History can never be fiction. We need proof, corroborative evidence that point to the course people have travelled with time. Without anything concrete, ‘believing’ in texts that have travelled orally from Iron Age/Bronze Age defies all sane logic. When science and common sense rule, we have a healthy democracy, and when it goes down the window, we are left with a country ridiculed by the world.

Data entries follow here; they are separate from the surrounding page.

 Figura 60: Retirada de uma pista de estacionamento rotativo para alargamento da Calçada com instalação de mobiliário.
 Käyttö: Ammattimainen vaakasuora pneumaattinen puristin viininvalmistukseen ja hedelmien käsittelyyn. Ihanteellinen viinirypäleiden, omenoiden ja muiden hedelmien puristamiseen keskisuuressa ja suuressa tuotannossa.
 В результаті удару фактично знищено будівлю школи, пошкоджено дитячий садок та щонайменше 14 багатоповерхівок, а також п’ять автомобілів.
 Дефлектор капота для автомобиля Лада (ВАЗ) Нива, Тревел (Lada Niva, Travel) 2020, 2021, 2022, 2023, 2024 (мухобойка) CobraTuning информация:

People like to talk of heritage – the new age historians vie for attention and money, not in the same order. The sudden spurt of historians has paved the way for lacklustre thesis and hypotheses supporting fringe elements. Give them a stack of cash or a page three article in a tabloid, they will fight tooth and nail to prove Malik Kafur invaded South India, ravaging one thousand temples of their riches. Poor guy must have spent hardly a few days here, yet you find his name hanging in thick air in places as remote as Chidambaram or Srirangam. He was a destroyer, they will say. He slayed priests, emptied temple riches in tanks, broke all the flooring of a 40-acre temple, pulled down pillars. I am beginning to think Malik Kafur was probably Lord Voldemort with his wand, puking ‘destroyal’. What a busy man he must have been, pushing Rajput women into their Sati fire one day, and looting temple tanks in Tamilnadu the next day. Hell, he didn’t justa play a double role, he played multiple!

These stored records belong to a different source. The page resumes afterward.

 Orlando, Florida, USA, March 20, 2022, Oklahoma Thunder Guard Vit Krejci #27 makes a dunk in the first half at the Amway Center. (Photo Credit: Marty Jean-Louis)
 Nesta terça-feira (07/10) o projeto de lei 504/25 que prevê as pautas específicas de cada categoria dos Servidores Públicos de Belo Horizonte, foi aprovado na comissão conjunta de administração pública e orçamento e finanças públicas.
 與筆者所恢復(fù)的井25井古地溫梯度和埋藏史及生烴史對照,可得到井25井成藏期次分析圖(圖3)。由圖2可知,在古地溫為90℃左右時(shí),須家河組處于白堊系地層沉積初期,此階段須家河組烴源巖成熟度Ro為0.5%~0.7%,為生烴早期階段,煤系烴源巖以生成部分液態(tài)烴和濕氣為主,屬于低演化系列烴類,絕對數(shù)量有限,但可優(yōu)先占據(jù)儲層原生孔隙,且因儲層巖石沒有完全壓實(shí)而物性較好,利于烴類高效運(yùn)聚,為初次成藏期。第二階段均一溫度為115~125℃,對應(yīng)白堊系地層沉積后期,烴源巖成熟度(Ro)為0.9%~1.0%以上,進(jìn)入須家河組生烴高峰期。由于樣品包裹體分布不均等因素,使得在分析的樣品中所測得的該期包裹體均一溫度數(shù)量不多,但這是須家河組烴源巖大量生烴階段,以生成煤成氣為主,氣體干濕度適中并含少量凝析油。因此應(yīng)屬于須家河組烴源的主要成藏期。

If there is something that needs immediate relooking and analysis, it must be our social science text books. The CBSE prescribed NCERT text books wax eloquent of Varnasrama, Manu Smriti et al. When Varnasrama is taught to eleven-year-olds, one has to be sensitive in phrasing the history text books. One cannot ask, “Who is the lowest of all castes?” and expect the child to think of equality. Teaching them the prevailing caste system and its effects is a great idea for sensitising them, yet, it has to be done solving the specific purpose of learning, not to sow seeds of differences in young minds.
There is this other school of “English Historians”. The fellow still thinks he was born in Birmingham and raised in Oxford. His everyday routine is filled with scones and English tea, with of course “History of India” by some ‘faarin’ Lord gracing his hands. The person is sure he will be buried in a cask at Windsor Castle. Someone please put him on the next plane to Heathrow. He might rewrite English history. The Brits of course need someone Dalrymplish to tell them there is Indian blood in British Royal lineage and this probably happened in Vedic Period when Manu wed Tanu, their child being George the -325th. Well sire, the sun didn’t rise with British history in India, we had civilisations two thousand years earlier than that!

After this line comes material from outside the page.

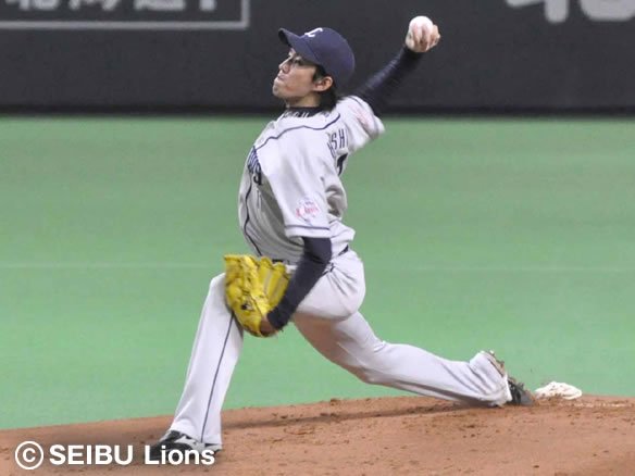 投手 ウルフ 2番 秋山 中飛 0-1から内角高めのストレートに差し込まれ、センターへの浅い飛球に打ち取られる。 |
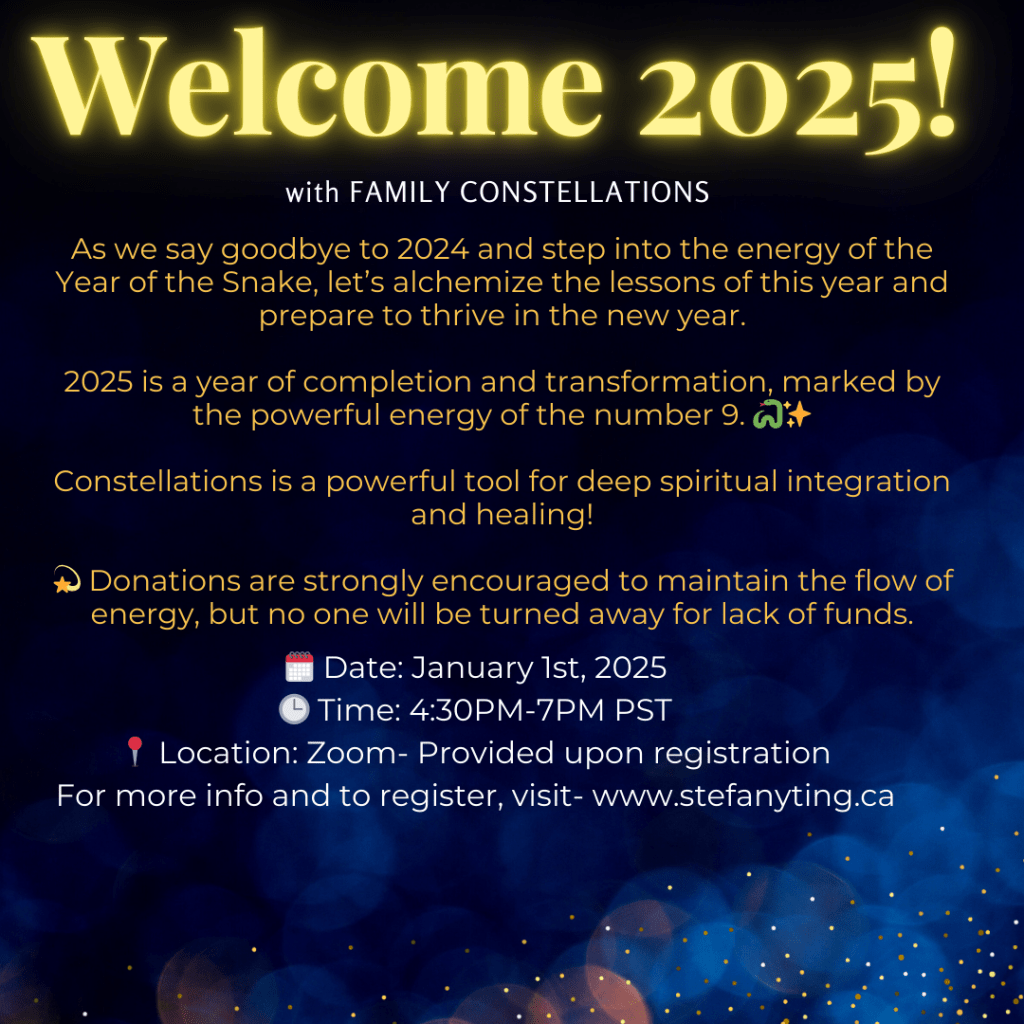 🌞WELCOME 2025!✨ ← BackThank you for your response. ✨ As we say goodbye to 2024 and step into the transformative energy of the Year of the Snake, let’s come together to alchemize the lessons of this year and prepare to thrive in 2025 – a year of completion and transformation, marked by the powerful energy of the number 9. 🐍✨ 2025 calls for release, completion, and new beginnings, and with the support of Family Constellations, we’ll tap into the power of our ancestors to help us heal and align with our highest potential. This practice honors the wisdom and energy of those who came before us, creating deep healing and support for the path ahead. Join Stef and Barb for an evening of deep healing with family constellations, which will include constellation exercises and alchemy to promote deep healing + transformation into 2025.💫 Donations are strongly encouraged to maintain the flow of energy, but no one will be turned away for lack of funds. Donations can be made here: https://paypal.me/stefanyting Name(required) Email(required) Would you like to receive a constellation on New Years Day 2025?(required) Send RSVPSubmitting form Δ Donation$15.00

Any history/historian neglecting the diversity of a country like India, ignoring the marginalised sections of the society and the minorities, will be doing grave injustice to the very fibre of this nation. History of India has never been kind to the Muslim ‘invaders’ and the Christian ‘converts’. Now that fringe forces are gunning for their kill, it is high time for all sections of the society to wrestle back their history from the divisive forces. There can be only one decisive answer to the question, “Whose history is it anyway?”. The answer is, ‘Ours, together’. If we give a section free reign to rewrite it, our future is DOOMED! Period.